++++ Dataset excerpts ++++
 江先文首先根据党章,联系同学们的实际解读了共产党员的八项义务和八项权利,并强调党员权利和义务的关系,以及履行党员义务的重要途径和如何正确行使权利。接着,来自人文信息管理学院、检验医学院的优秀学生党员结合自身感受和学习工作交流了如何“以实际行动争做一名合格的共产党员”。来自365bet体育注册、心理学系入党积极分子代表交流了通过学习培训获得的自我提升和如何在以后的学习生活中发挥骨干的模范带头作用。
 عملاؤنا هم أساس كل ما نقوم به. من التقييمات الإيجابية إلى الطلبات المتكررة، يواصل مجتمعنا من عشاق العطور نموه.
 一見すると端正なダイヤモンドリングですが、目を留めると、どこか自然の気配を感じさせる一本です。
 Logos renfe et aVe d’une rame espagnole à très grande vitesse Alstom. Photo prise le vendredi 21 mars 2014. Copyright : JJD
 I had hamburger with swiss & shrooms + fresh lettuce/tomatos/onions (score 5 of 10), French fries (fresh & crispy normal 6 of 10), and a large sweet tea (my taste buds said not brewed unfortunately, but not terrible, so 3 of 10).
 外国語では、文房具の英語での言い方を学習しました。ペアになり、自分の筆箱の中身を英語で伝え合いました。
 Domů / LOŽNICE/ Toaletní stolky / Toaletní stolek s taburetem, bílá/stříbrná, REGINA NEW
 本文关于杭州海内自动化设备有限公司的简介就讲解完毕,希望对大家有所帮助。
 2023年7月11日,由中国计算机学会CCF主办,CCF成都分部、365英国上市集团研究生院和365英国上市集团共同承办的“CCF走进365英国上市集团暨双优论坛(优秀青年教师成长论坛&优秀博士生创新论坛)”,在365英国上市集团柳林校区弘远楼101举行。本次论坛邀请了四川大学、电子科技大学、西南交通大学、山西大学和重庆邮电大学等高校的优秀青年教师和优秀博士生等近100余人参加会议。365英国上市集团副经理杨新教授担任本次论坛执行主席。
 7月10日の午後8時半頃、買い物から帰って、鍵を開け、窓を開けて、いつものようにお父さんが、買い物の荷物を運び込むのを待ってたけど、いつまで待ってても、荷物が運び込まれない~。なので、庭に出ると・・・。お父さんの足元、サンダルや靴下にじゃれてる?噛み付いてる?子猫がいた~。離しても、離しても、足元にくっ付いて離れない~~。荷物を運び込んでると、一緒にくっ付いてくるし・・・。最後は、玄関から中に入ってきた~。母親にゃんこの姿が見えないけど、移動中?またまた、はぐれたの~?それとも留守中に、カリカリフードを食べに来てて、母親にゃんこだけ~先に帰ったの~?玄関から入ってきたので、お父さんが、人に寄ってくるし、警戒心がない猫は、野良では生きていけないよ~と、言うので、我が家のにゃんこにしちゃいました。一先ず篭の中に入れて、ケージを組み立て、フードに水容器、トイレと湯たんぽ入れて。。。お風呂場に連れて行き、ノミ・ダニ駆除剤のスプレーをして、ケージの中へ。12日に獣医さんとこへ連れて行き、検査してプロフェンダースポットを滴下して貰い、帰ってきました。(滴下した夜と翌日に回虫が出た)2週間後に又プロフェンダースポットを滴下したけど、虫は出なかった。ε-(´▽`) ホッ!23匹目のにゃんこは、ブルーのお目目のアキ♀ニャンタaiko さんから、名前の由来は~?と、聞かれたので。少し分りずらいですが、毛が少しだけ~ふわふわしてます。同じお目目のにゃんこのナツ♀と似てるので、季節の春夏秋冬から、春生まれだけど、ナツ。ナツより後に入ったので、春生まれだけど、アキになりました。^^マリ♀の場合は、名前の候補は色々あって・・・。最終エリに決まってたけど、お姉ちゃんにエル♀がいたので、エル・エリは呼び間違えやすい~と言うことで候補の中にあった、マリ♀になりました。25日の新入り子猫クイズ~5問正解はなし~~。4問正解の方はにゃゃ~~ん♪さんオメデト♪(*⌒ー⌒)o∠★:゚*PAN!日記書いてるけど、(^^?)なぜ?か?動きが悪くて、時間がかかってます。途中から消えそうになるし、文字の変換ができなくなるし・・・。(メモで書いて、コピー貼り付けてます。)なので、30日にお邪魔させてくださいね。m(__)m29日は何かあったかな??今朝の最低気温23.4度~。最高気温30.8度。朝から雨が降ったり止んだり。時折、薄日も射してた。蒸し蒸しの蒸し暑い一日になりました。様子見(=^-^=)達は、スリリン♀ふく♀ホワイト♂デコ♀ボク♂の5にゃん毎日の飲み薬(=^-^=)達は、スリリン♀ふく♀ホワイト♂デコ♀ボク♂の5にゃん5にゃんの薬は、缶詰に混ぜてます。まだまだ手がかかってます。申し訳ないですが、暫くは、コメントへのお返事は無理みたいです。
++++
# [What you will do]
Reprint the entire listing exactly.

# [Task response]
 江先文首先根据党章,联系同学们的实际解读了共产党员的八项义务和八项权利,并强调党员权利和义务的关系,以及履行党员义务的重要途径和如何正确行使权利。接着,来自人文信息管理学院、检验医学院的优秀学生党员结合自身感受和学习工作交流了如何“以实际行动争做一名合格的共产党员”。来自365bet体育注册、心理学系入党积极分子代表交流了通过学习培训获得的自我提升和如何在以后的学习生活中发挥骨干的模范带头作用。
 عملاؤنا هم أساس كل ما نقوم به. من التقييمات الإيجابية إلى الطلبات المتكررة، يواصل مجتمعنا من عشاق العطور نموه.
 一見すると端正なダイヤモンドリングですが、目を留めると、どこか自然の気配を感じさせる一本です。
 Logos renfe et aVe d’une rame espagnole à très grande vitesse Alstom. Photo prise le vendredi 21 mars 2014. Copyright : JJD
 I had hamburger with swiss & shrooms + fresh lettuce/tomatos/onions (score 5 of 10), French fries (fresh & crispy normal 6 of 10), and a large sweet tea (my taste buds said not brewed unfortunately, but not terrible, so 3 of 10).
 外国語では、文房具の英語での言い方を学習しました。ペアになり、自分の筆箱の中身を英語で伝え合いました。
 Domů / LOŽNICE/ Toaletní stolky / Toaletní stolek s taburetem, bílá/stříbrná, REGINA NEW
 本文关于杭州海内自动化设备有限公司的简介就讲解完毕,希望对大家有所帮助。
 2023年7月11日,由中国计算机学会CCF主办,CCF成都分部、365英国上市集团研究生院和365英国上市集团共同承办的“CCF走进365英国上市集团暨双优论坛(优秀青年教师成长论坛&优秀博士生创新论坛)”,在365英国上市集团柳林校区弘远楼101举行。本次论坛邀请了四川大学、电子科技大学、西南交通大学、山西大学和重庆邮电大学等高校的优秀青年教师和优秀博士生等近100余人参加会议。365英国上市集团副经理杨新教授担任本次论坛执行主席。
 7月10日の午後8時半頃、買い物から帰って、鍵を開け、窓を開けて、いつものようにお父さんが、買い物の荷物を運び込むのを待ってたけど、いつまで待ってても、荷物が運び込まれない~。なので、庭に出ると・・・。お父さんの足元、サンダルや靴下にじゃれてる?噛み付いてる?子猫がいた~。離しても、離しても、足元にくっ付いて離れない~~。荷物を運び込んでると、一緒にくっ付いてくるし・・・。最後は、玄関から中に入ってきた~。母親にゃんこの姿が見えないけど、移動中?またまた、はぐれたの~?それとも留守中に、カリカリフードを食べに来てて、母親にゃんこだけ~先に帰ったの~?玄関から入ってきたので、お父さんが、人に寄ってくるし、警戒心がない猫は、野良では生きていけないよ~と、言うので、我が家のにゃんこにしちゃいました。一先ず篭の中に入れて、ケージを組み立て、フードに水容器、トイレと湯たんぽ入れて。。。お風呂場に連れて行き、ノミ・ダニ駆除剤のスプレーをして、ケージの中へ。12日に獣医さんとこへ連れて行き、検査してプロフェンダースポットを滴下して貰い、帰ってきました。(滴下した夜と翌日に回虫が出た)2週間後に又プロフェンダースポットを滴下したけど、虫は出なかった。ε-(´▽`) ホッ!23匹目のにゃんこは、ブルーのお目目のアキ♀ニャンタaiko さんから、名前の由来は~?と、聞かれたので。少し分りずらいですが、毛が少しだけ~ふわふわしてます。同じお目目のにゃんこのナツ♀と似てるので、季節の春夏秋冬から、春生まれだけど、ナツ。ナツより後に入ったので、春生まれだけど、アキになりました。^^マリ♀の場合は、名前の候補は色々あって・・・。最終エリに決まってたけど、お姉ちゃんにエル♀がいたので、エル・エリは呼び間違えやすい~と言うことで候補の中にあった、マリ♀になりました。25日の新入り子猫クイズ~5問正解はなし~~。4問正解の方はにゃゃ~~ん♪さんオメデト♪(*⌒ー⌒)o∠★:゚*PAN!日記書いてるけど、(^^?)なぜ?か?動きが悪くて、時間がかかってます。途中から消えそうになるし、文字の変換ができなくなるし・・・。(メモで書いて、コピー貼り付けてます。)なので、30日にお邪魔させてくださいね。m(__)m29日は何かあったかな??今朝の最低気温23.4度~。最高気温30.8度。朝から雨が降ったり止んだり。時折、薄日も射してた。蒸し蒸しの蒸し暑い一日になりました。様子見(=^-^=)達は、スリリン♀ふく♀ホワイト♂デコ♀ボク♂の5にゃん毎日の飲み薬(=^-^=)達は、スリリン♀ふく♀ホワイト♂デコ♀ボク♂の5にゃん5にゃんの薬は、缶詰に混ぜてます。まだまだ手がかかってます。申し訳ないですが、暫くは、コメントへのお返事は無理みたいです。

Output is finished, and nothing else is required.